SEC Boosts Access to Capital for Small Companies, Issues Regulation A+ Under JOBS Act

On March 25, 2015, in a move designed to facilitate the capital raising needs of smaller companies, the SEC updated and expanded Regulation A under Title IV of the JOBS Act of 2012. The new rules, known as Regulation A+, will allow growth companies to raise up to $50 million from unaccredited investors in a mini-IPO type offering. By doing so, investors will have more choices and smaller companies can, if desired, bypass big institutions for their capital needs by offering stock directly to their key constituents and to the general public.

Background

Under the Securities Act of 1933, a company offering or selling securities to potential investors must register the offer and sale or rely on a registration exemption. Regulation A is a longstanding exemption that allows unregistered public offerings of up to $5 million of securities in any 12-month period. No more than $1.5 million of securities can be offered by security-holders of the company.

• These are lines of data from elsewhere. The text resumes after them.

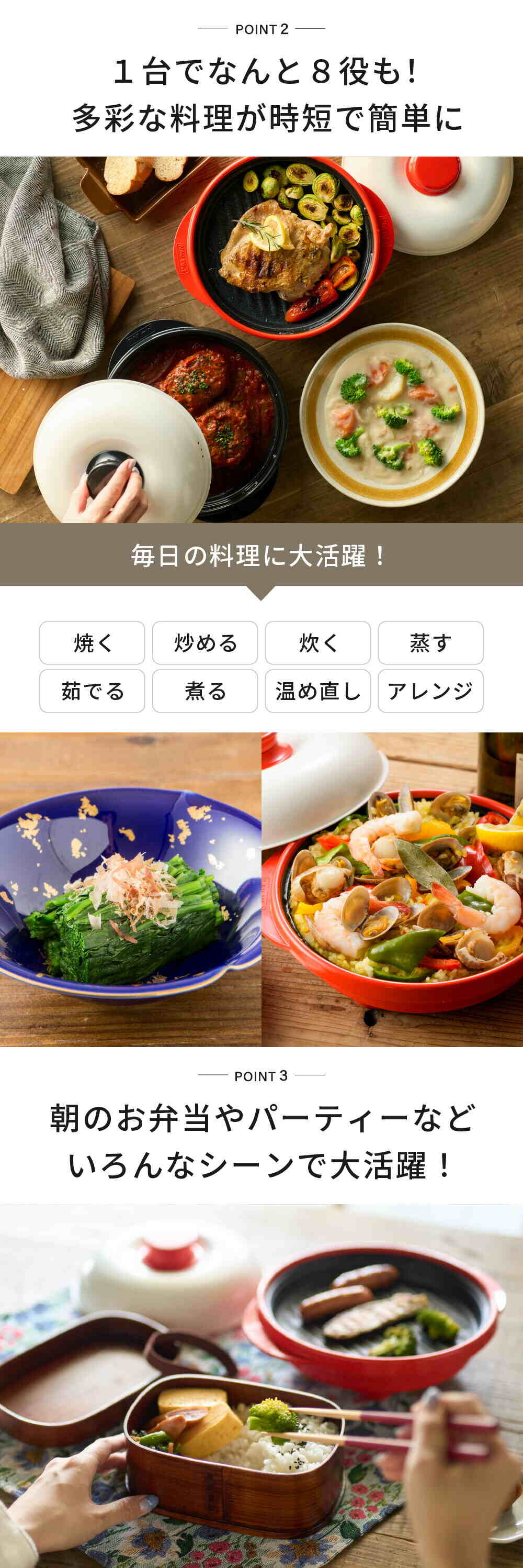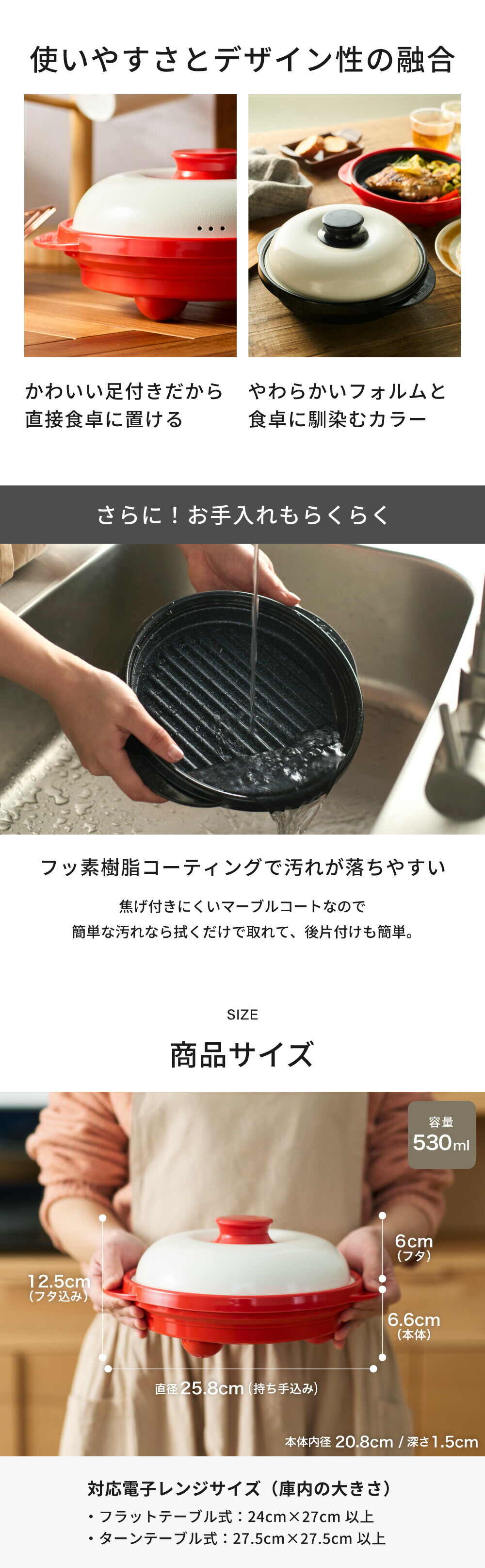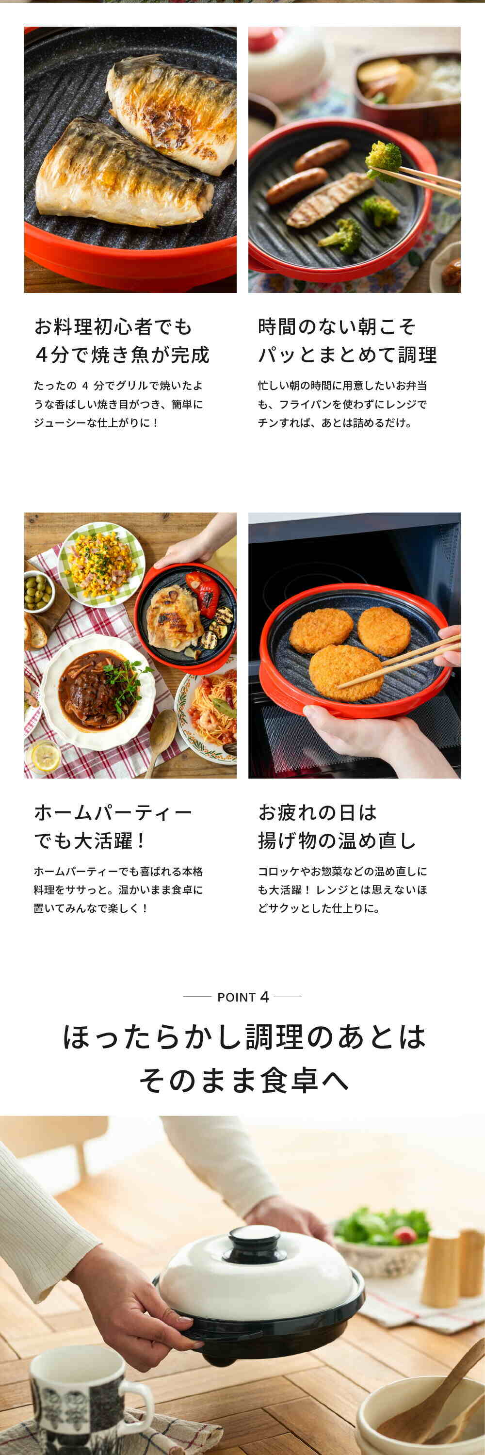 | その他詳細 2 | ※水洗いの際、本体底部の穴が水没しないようご注意ください。つけ置き洗いをしないでください。底部の穴から水が浸水した場合、鉄板の温度が上昇しにくくなり、調理ができなります。 ※自動食器洗浄機、また食器乾燥機は使用できません。 ※外箱のデザインは変更となる場合がございます。 |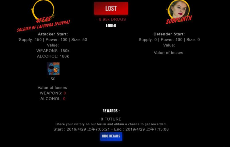 Check my latest fight ! 4fe4s vs subplinthsubplinth (26)in #drugwars-fight • 7 years ago #gaming #fight #dw
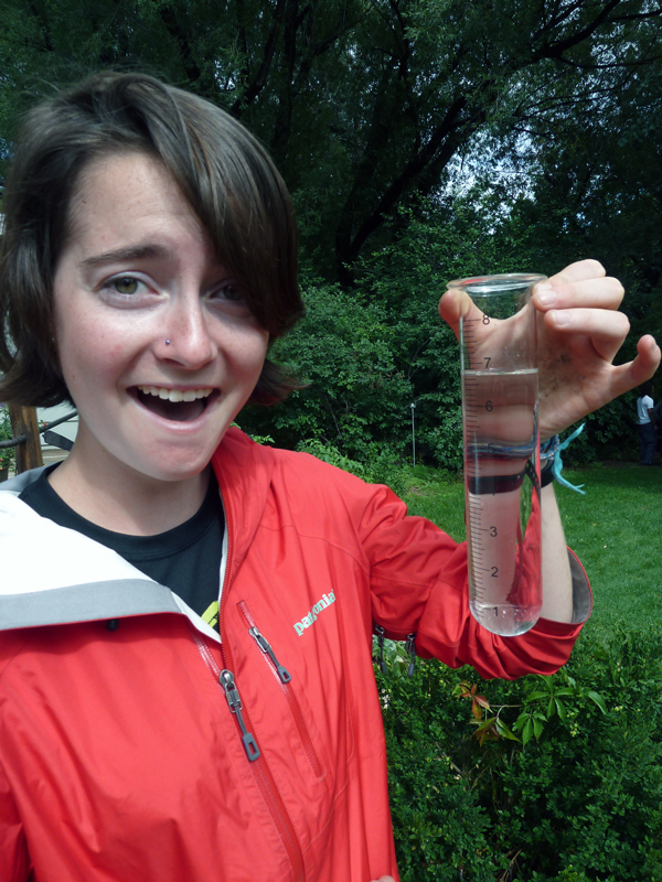 We returned to our professor’s house to view her creek-turned-river. The change from the first time we saw her backyard was immense. Large rapids were moving huge boulders, and all of this occurring right before our eyes in her backyard! Christine had a rain gauge that increased from less than one inch to seven inches overnight! We were able to witness first hand the study of sediment transportation in high-precipitation events.

Regulation A offerings have been relatively rare in recent years when compared to offerings that rely on other Securities Act exemptions or on a registered basis. The JOBS Act amended the Securities Act to require the SEC to update and expand the Regulation A exemption.

Regulation A+ Overview

The final Regulation A+ rules would implement Title IV of the JOBS Act and provide for two tiers of offerings. Issuers can raise up to $50,000,000 in a 12 month period for Tier II and $20,000,000 for Tier I. Another key point is that anyone can invest. This includes friends, family, employees, and others looking for investment opportunities in growth companies. While there are no investment limits under Tier 1, the higher Tier 2 level imposes some restrictions.

What Does CohnReznick Think?

Regulation A+ echoes CohnReznick’s belief that responsibly increasing access to capital for smaller companies is beneficial to the growth of the U.S. economy. Middle market companies need their representatives and regulators in Washington to further develop responsible and intelligent solutions to build on the momentum of the JOBS Act. Working together, we will continue to find solutions that maintain the balance between accessing the capital that so many growing businesses need and protecting investors.

Highlights

Key components of Regulation A+ include the following:

1. While there is no limit for accredited investors, individual non- accredited investors can invest a maximum of the greater of 10% of their net worth or 10% of their net income in a Regulation A+ offering (per offering).

2. Investors can self-certify their income or net worth for purposes of the investment limits, eliminating the need for extensive documentation.

3. Issuers can discuss and advertise their offering using virtually any medium including social media.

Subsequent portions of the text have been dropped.